> _Exercise description_
When you return the data, keep every word exact and include none of the images.

> _Available data_
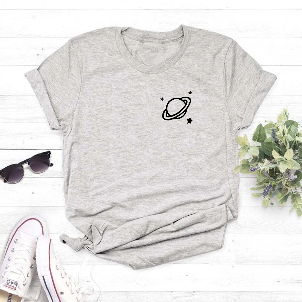 Футболка женская хлопковая с принтом, топ с графическим принтом, с карманами, в космическом стиле, для подростков, на лето
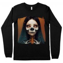 Creepy Girl Long Sleeve T-Shirt - Gothic Print T-Shirt - Skeleton Long Sleeve Tee Shirt
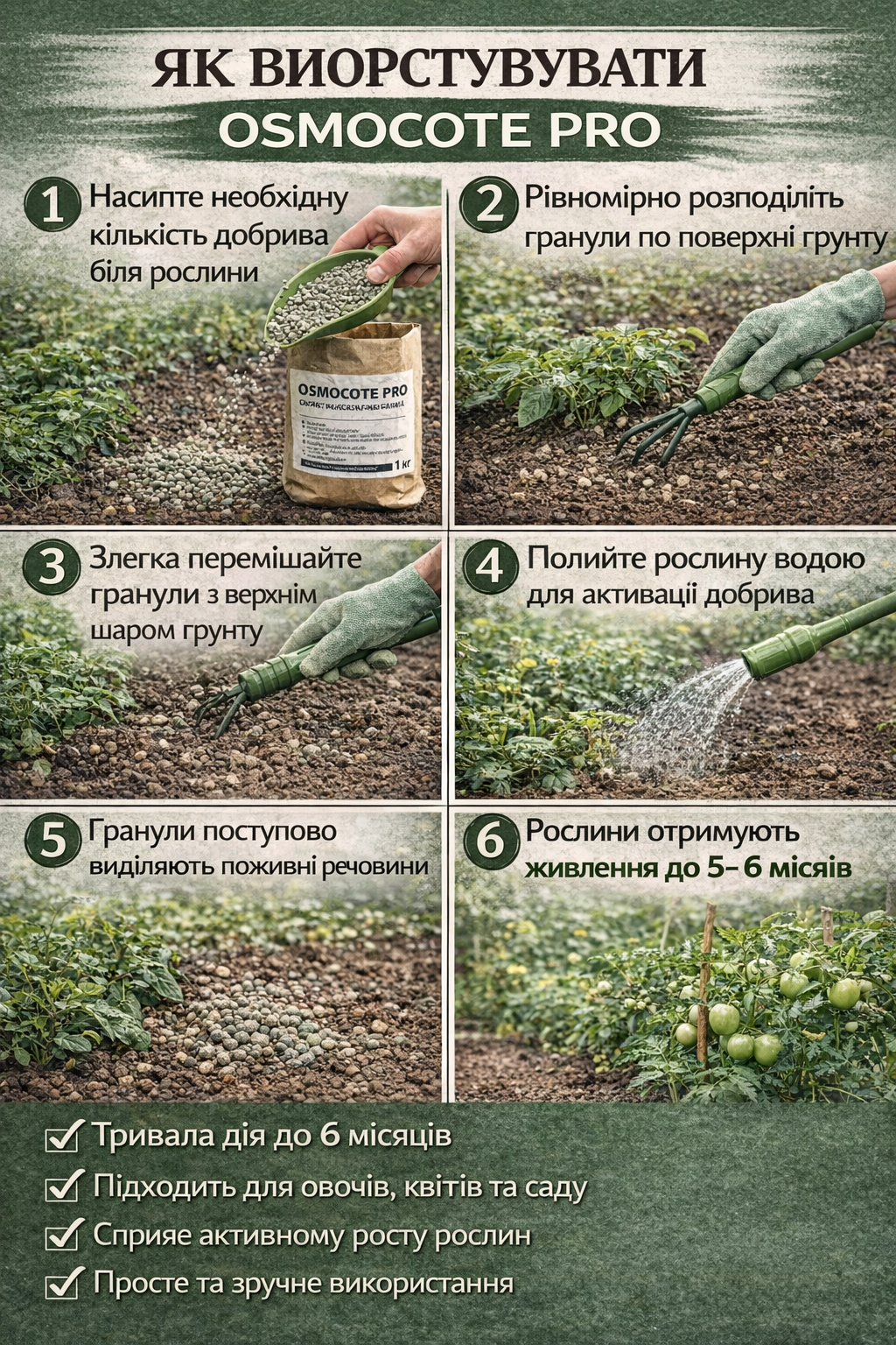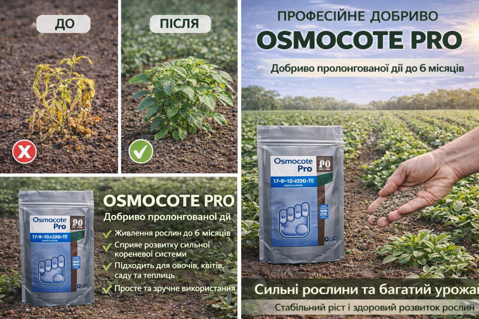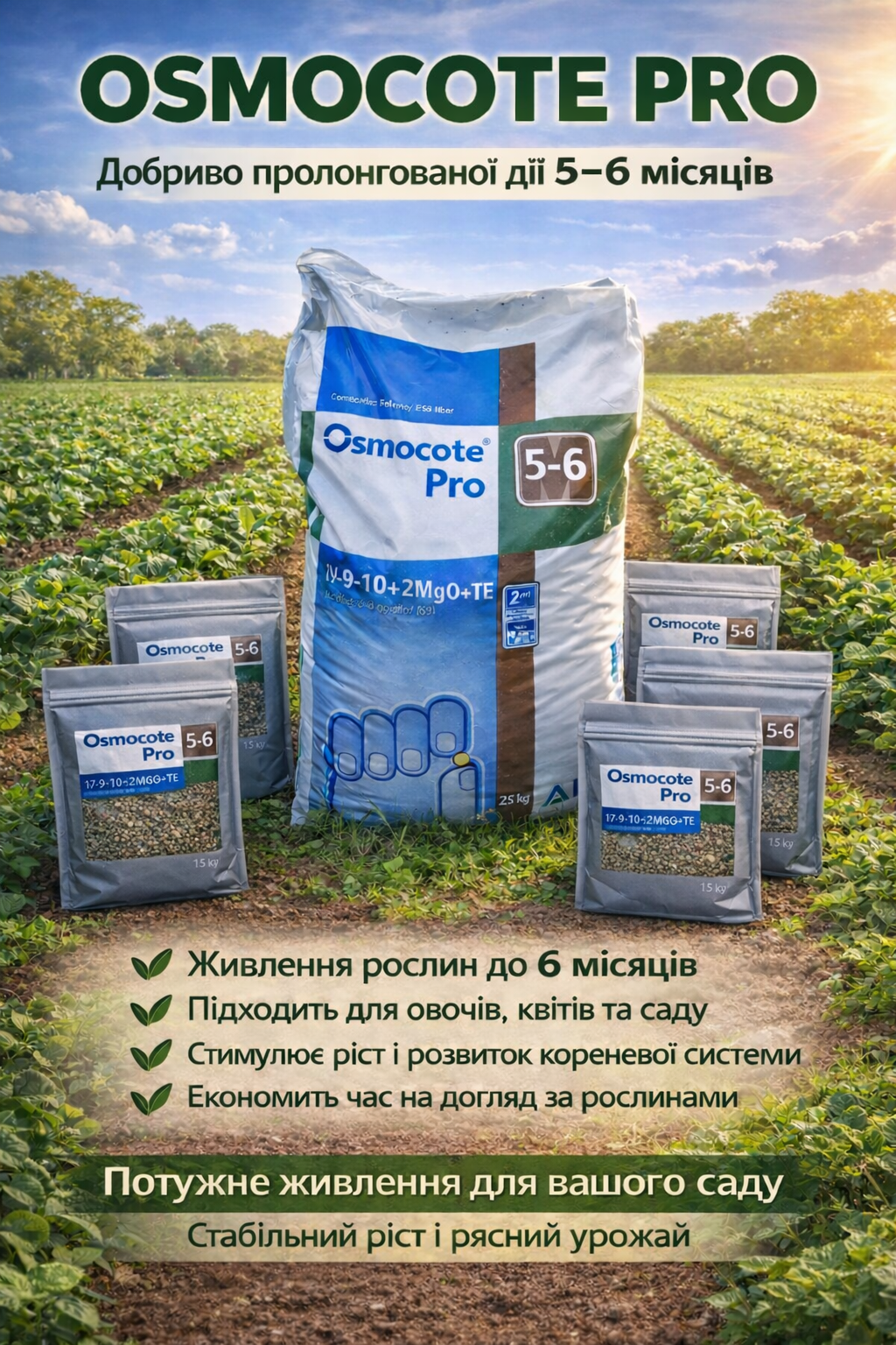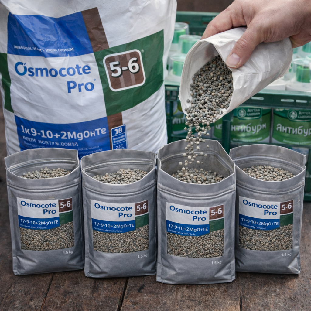 1️⃣ Osmocote Pro — професійне добриво пролонгованої дії для активного росту рослин. Забезпечує рослини поживними речовинами до 5–6 місяців.

> _Result of the exercise_
 Футболка женская хлопковая с принтом, топ с графическим принтом, с карманами, в космическом стиле, для подростков, на лето
 Creepy Girl Long Sleeve T-Shirt - Gothic Print T-Shirt - Skeleton Long Sleeve Tee Shirt
 1️⃣ Osmocote Pro — професійне добриво пролонгованої дії для активного росту рослин. Забезпечує рослини поживними речовинами до 5–6 місяців.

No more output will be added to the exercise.